Battery powered grinder is the only way to go... no need to carry bolt cutters any longer.


----------



## BamaPPC (May 7, 2012)

if you are having trouble cutting a padlock....cut the hasp or chain. much easier. :thumbsup:

battery operated sawsall makes quick work of a hasp.


----------



## Molly77 (Feb 10, 2014)

Hmmm..does that mean I need' a new toy?:thumbup:


----------



## PropPresPro (Apr 12, 2012)

New toys are always a "need".
I would pass on the Crapsman one though!

I switched from 18V DeWalt to Makita LXT a few years ago and am amazed at how they perform in comparison.


----------



## Molly77 (Feb 10, 2014)

PropPresPro said:


> New toys are always a "need".
> I would pass on the Crapsman one though!
> 
> I switched from 18V DeWalt to Makita LXT a few years ago and am amazed at how they perform in comparison.

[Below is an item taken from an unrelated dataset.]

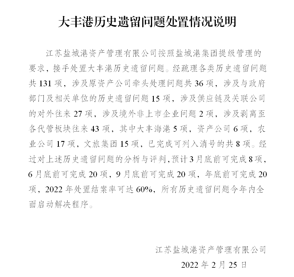 成立大豐港區(qū)代管企業(yè)整合、清算工作小組,涉及處理企業(yè)34家,其中:擬合并13家,擬關(guān)閉19家,擬轉(zhuǎn)讓非實(shí)際控制2家。

Yea,...it's hard to switch right now when all our other tools are craftsman..keeping and charging diff batteries


----------



## thanohano44 (Aug 5, 2012)

Molly77 said:


> Yea,...it's hard to switch right now when all our other tools are craftsman..keeping and charging diff batteries



Crapsman tools will break shortly.


----------



## mtmtnman (May 1, 2012)

I run a full set of Craftsman L-Ion 12V tools and have no issues. Only 2 companies make L-Ion batteries. I have a Dewalt hammer drill for sale. They want $75 each for batteries!!! It is 2 years old. SCREW THAT!!!!!


----------



## ADP LLC (May 15, 2012)

mtmtnman said:


> I run a full set of Craftsman L-Ion 12V tools and have no issues. Only 2 companies make L-Ion batteries. I have a Dewalt hammer drill for sale. They want $75 each for batteries!!! It is 2 years old. SCREW THAT!!!!!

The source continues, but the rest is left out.